_Exercise_
Repeat the entire listing exactly. Omit all pictures.

_Data extract_

▬▬▬▬▬▬

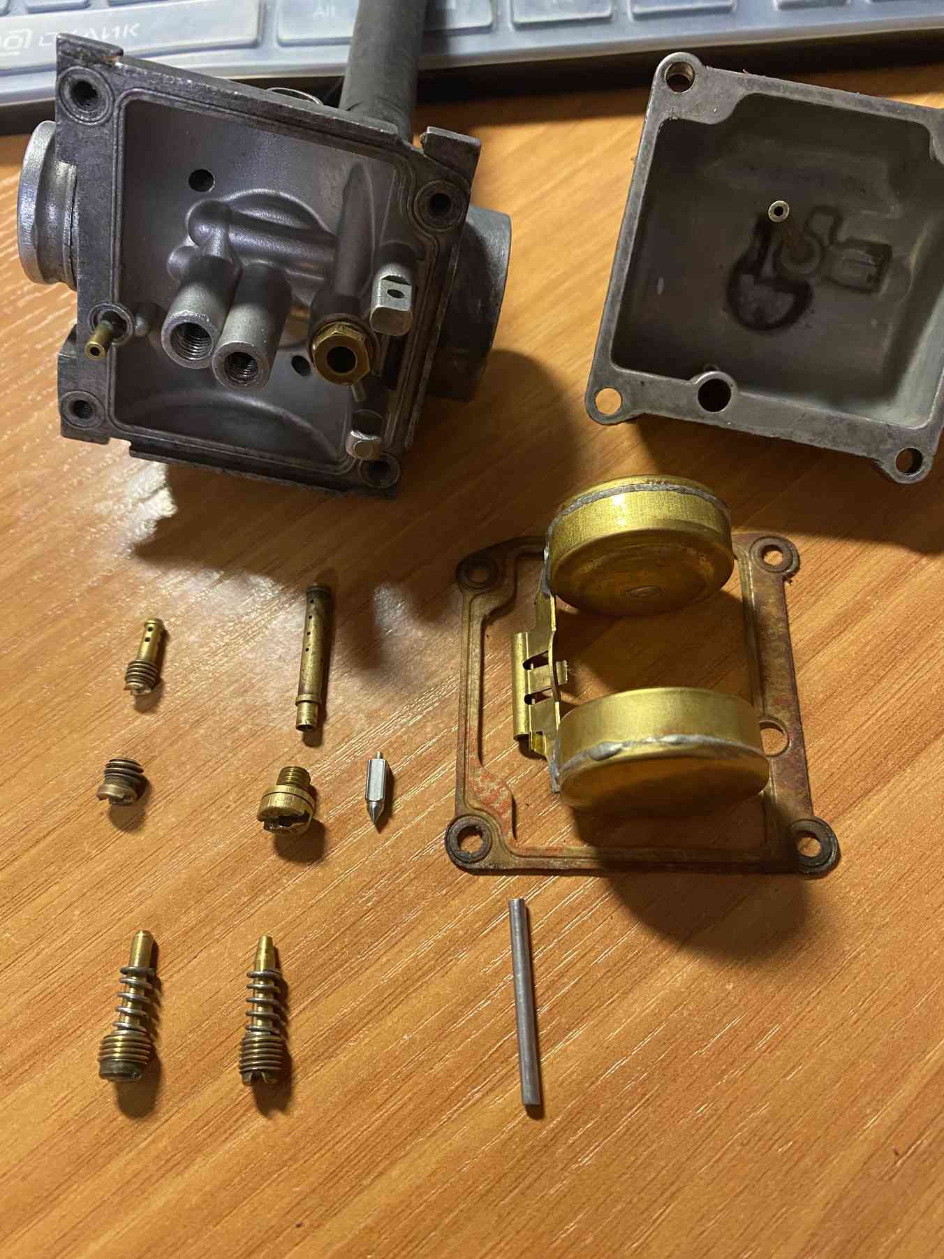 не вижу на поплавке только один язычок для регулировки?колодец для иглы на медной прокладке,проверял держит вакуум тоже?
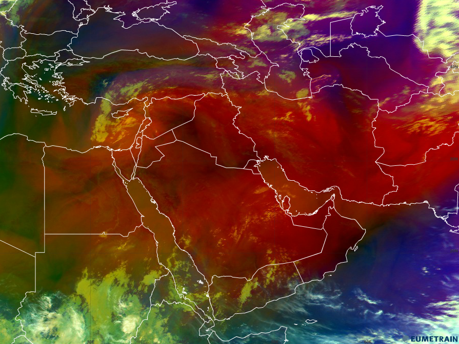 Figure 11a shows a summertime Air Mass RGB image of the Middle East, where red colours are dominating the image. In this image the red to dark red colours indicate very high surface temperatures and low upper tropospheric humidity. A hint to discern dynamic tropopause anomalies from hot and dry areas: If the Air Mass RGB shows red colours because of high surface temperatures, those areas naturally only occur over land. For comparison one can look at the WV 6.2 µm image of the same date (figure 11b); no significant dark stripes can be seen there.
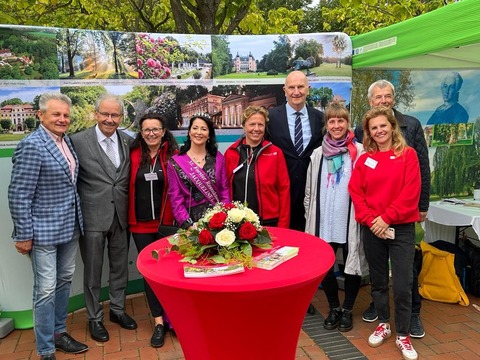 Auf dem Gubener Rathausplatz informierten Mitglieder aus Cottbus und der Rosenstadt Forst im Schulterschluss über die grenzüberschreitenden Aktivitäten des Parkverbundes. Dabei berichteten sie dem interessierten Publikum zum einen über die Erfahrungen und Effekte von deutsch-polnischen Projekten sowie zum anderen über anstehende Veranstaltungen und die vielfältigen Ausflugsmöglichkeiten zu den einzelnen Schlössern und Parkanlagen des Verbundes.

▬▬▬▬▬▬

_Exercise solution_
 не вижу на поплавке только один язычок для регулировки?колодец для иглы на медной прокладке,проверял держит вакуум тоже?
 Figure 11a shows a summertime Air Mass RGB image of the Middle East, where red colours are dominating the image. In this image the red to dark red colours indicate very high surface temperatures and low upper tropospheric humidity. A hint to discern dynamic tropopause anomalies from hot and dry areas: If the Air Mass RGB shows red colours because of high surface temperatures, those areas naturally only occur over land. For comparison one can look at the WV 6.2 µm image of the same date (figure 11b); no significant dark stripes can be seen there.
 Auf dem Gubener Rathausplatz informierten Mitglieder aus Cottbus und der Rosenstadt Forst im Schulterschluss über die grenzüberschreitenden Aktivitäten des Parkverbundes. Dabei berichteten sie dem interessierten Publikum zum einen über die Erfahrungen und Effekte von deutsch-polnischen Projekten sowie zum anderen über anstehende Veranstaltungen und die vielfältigen Ausflugsmöglichkeiten zu den einzelnen Schlössern und Parkanlagen des Verbundes.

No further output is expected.